**** DATA RECORDS
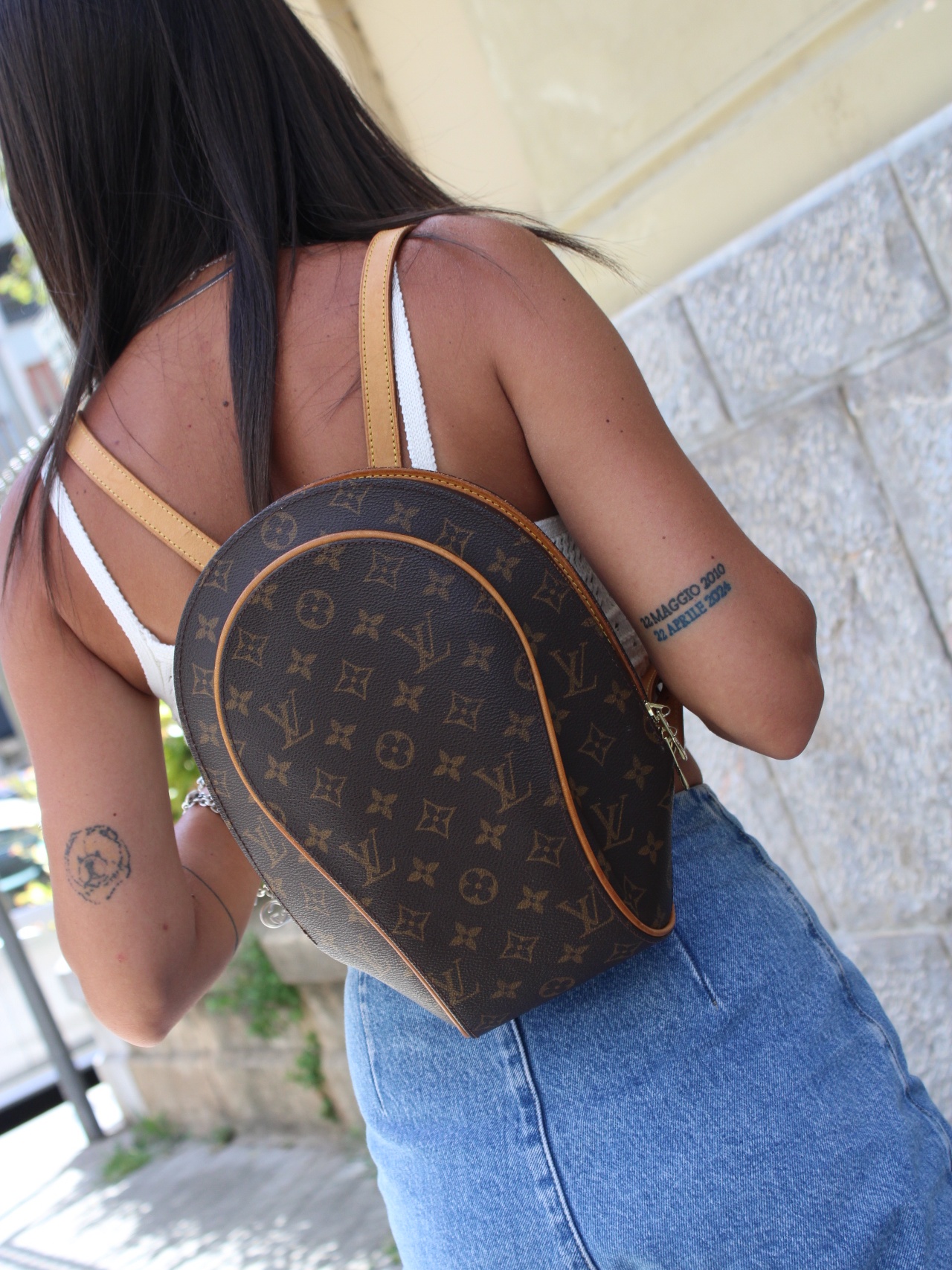 Zaino Ellipse Louis Vuitton in monogram e parti metalliche dorate. Da portare comodamente tutti i giorni con outfit sia casual che ricercati. Articolo in condizioni eccellenti con dust bag.
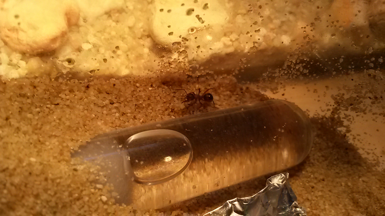 Die Kolonie ist etwa 120 Arbeiterinnen groß. Sie leben in einem RG welches in einer, nicht unbedingt, kleinen Box liegt. Das Wasser in dem Wassertank ist pink, dass kann ja normal sein, aber in der Box lagen 3-4 tote Arbeiterinnen. Daher hab ich ein zweites RG angeboten, abgedunkelt und das alte ausgegraben. (Es lag etwas zugeschüttet. Die Königin sieht sehr schön aus!
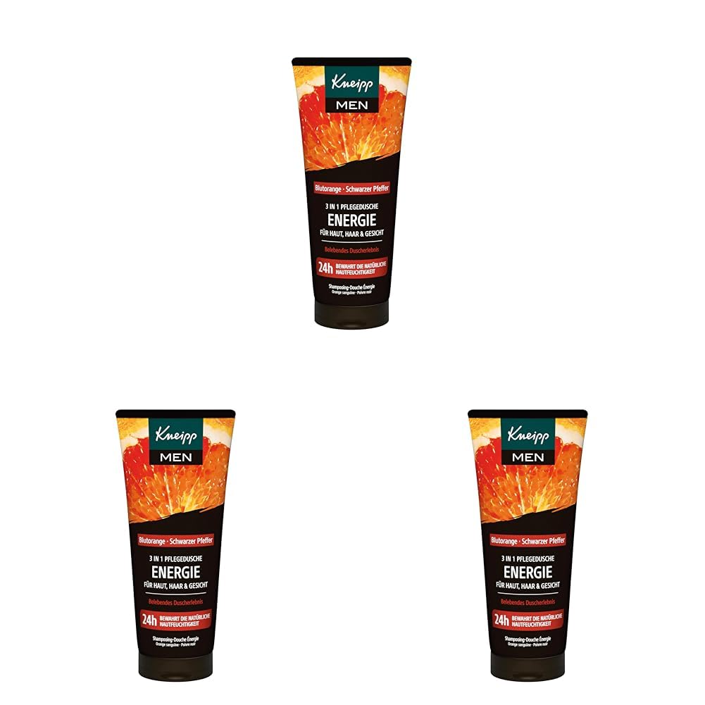 Kneipp MEN 3 in 1 Pflegedusche Energie - Duschgel für Haut, Haar & Gesicht - Blutorangenöl & schwarzer Pfeffer - 200ml (Packung mit 3) - Biologisch Abbaubar
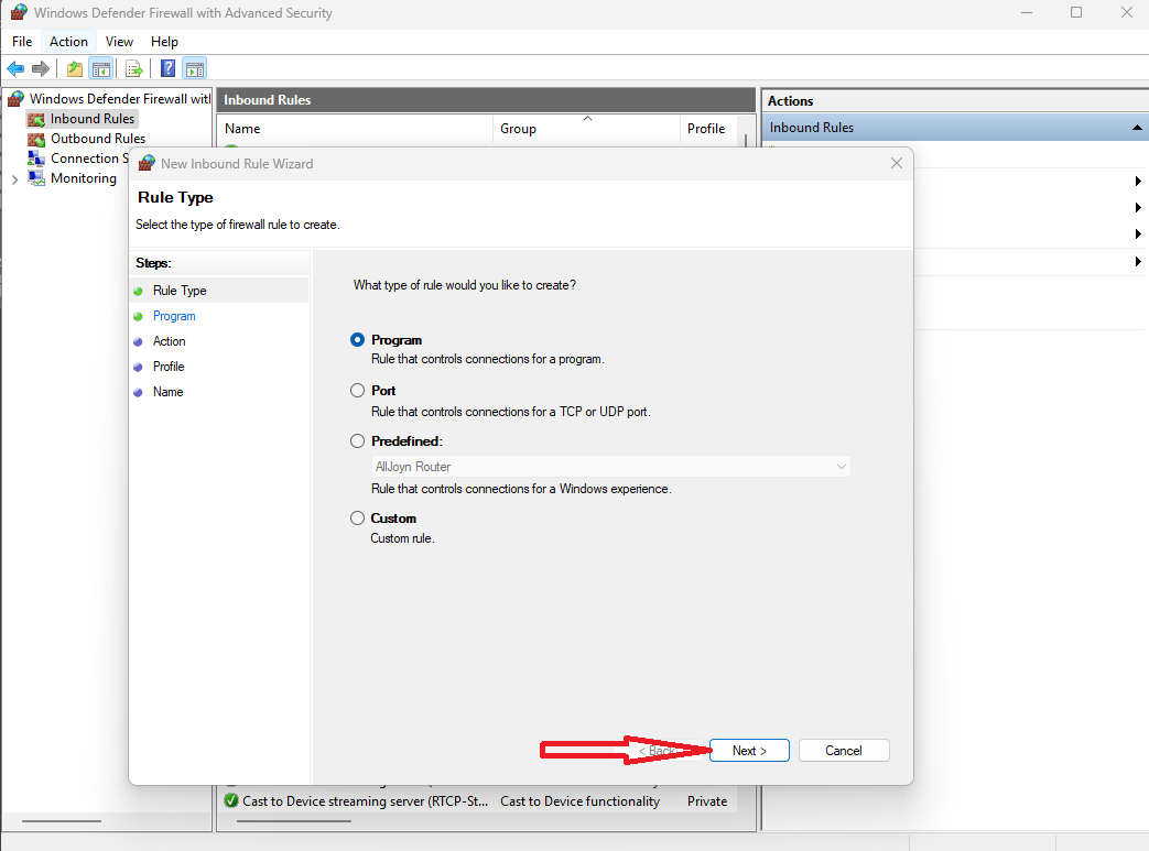 A new Windows box will appear. All needed settings for this process are automatically populated. No autogenerated settings have to be altered. You will input the New Inbound Rule Wizard to the Carbonite locations being added, and a name provided for each. In the Rule Wizard, please click Next.
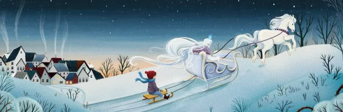 Снег падал, санки мчались, перескакивая через все преграды, а Кай весь дрожал. Когда снежные хлопья разлетелись в стороны, сани остановились, и человек, сидевший в них, встал. Это была высокая и стройная женщина, ослепительно белая, вся в снежной одежде.
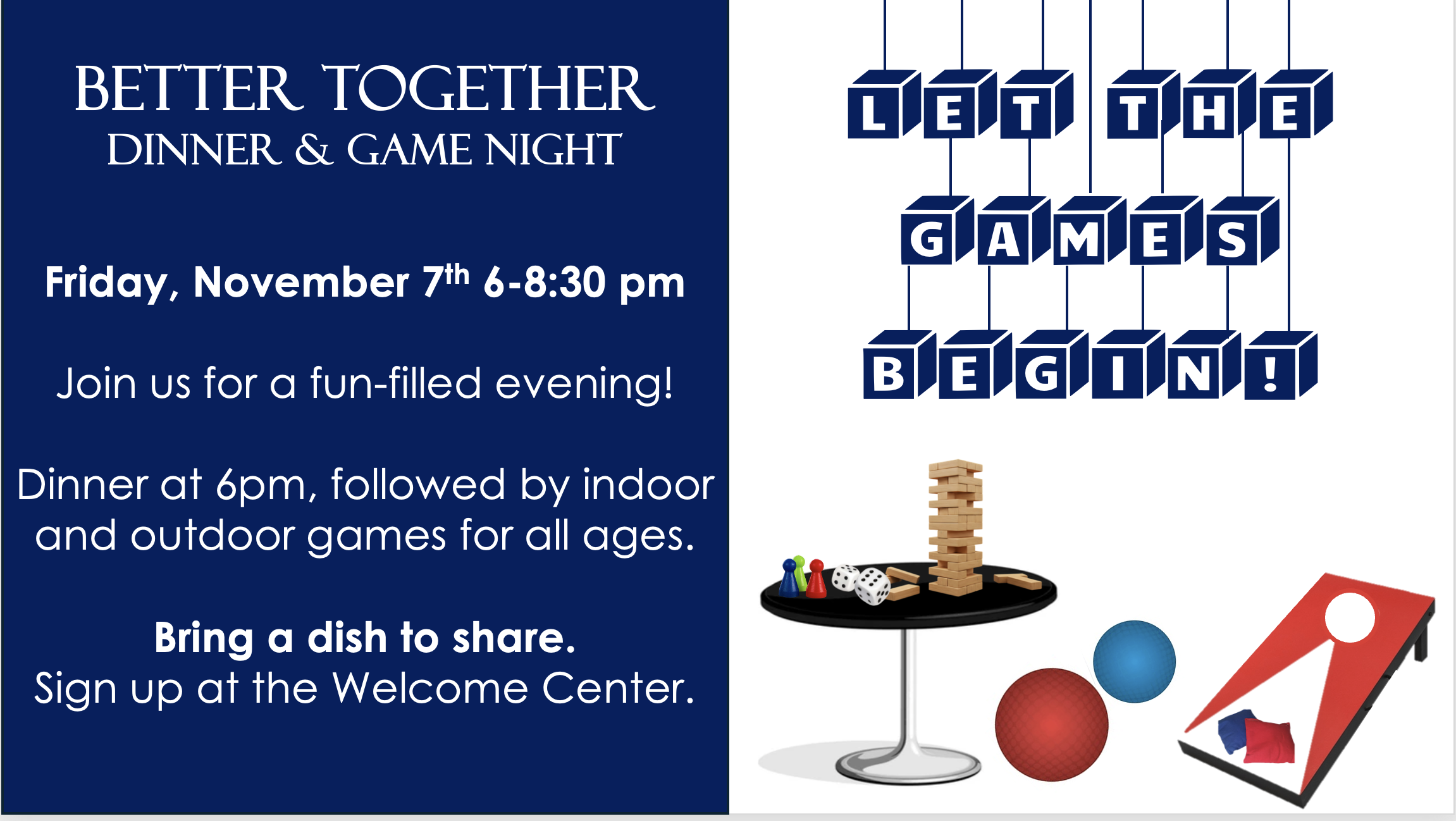 Join us for a night of fellowship and fun games. The evening will begin with dinner … then let the games begin! We will have something for the whole family! Whether you enjoy outdoor relay games or indoor table games, there’s something for everyone. Sign up at the Welcome Center to come and bring a main dish to share.
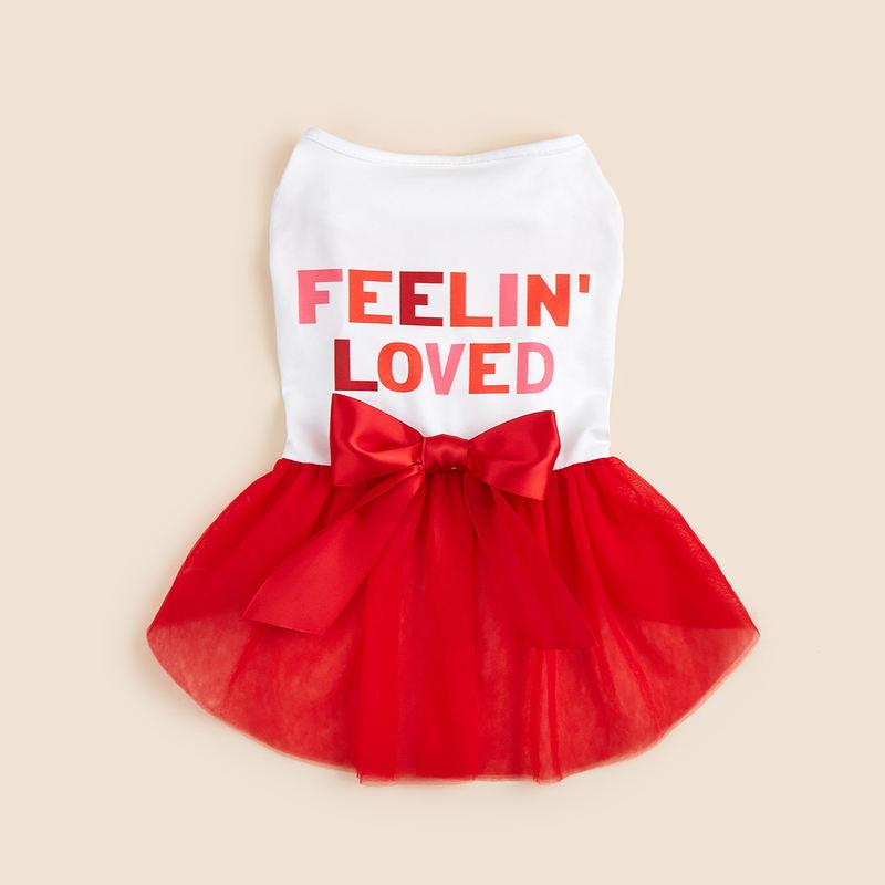 Transform your furry friend into the star of the show with this adorable small dog dress! Designed with an eye-catching “FEELING LOVED” print, a chic bowknot, and layers of soft tulle, this costume is the perfect combination of comfort and fashion. Whether it’s a casual outing, a party, or a photoshoot, this dress ensures your pet will turn heads and feel pampered. It’s not just a costume; it’s a declaration of love for your precious companion.
********
WHAT IS NEEDED
Restate word for word every line from the one with "Die Kolonie ist" up to and including the one with "A new Windows" in the records above, minus the pictures.

REPLY
 Die Kolonie ist etwa 120 Arbeiterinnen groß. Sie leben in einem RG welches in einer, nicht unbedingt, kleinen Box liegt. Das Wasser in dem Wassertank ist pink, dass kann ja normal sein, aber in der Box lagen 3-4 tote Arbeiterinnen. Daher hab ich ein zweites RG angeboten, abgedunkelt und das alte ausgegraben. (Es lag etwas zugeschüttet. Die Königin sieht sehr schön aus!
 Kneipp MEN 3 in 1 Pflegedusche Energie - Duschgel für Haut, Haar & Gesicht - Blutorangenöl & schwarzer Pfeffer - 200ml (Packung mit 3) - Biologisch Abbaubar
 A new Windows box will appear. All needed settings for this process are automatically populated. No autogenerated settings have to be altered. You will input the New Inbound Rule Wizard to the Carbonite locations being added, and a name provided for each. In the Rule Wizard, please click Next.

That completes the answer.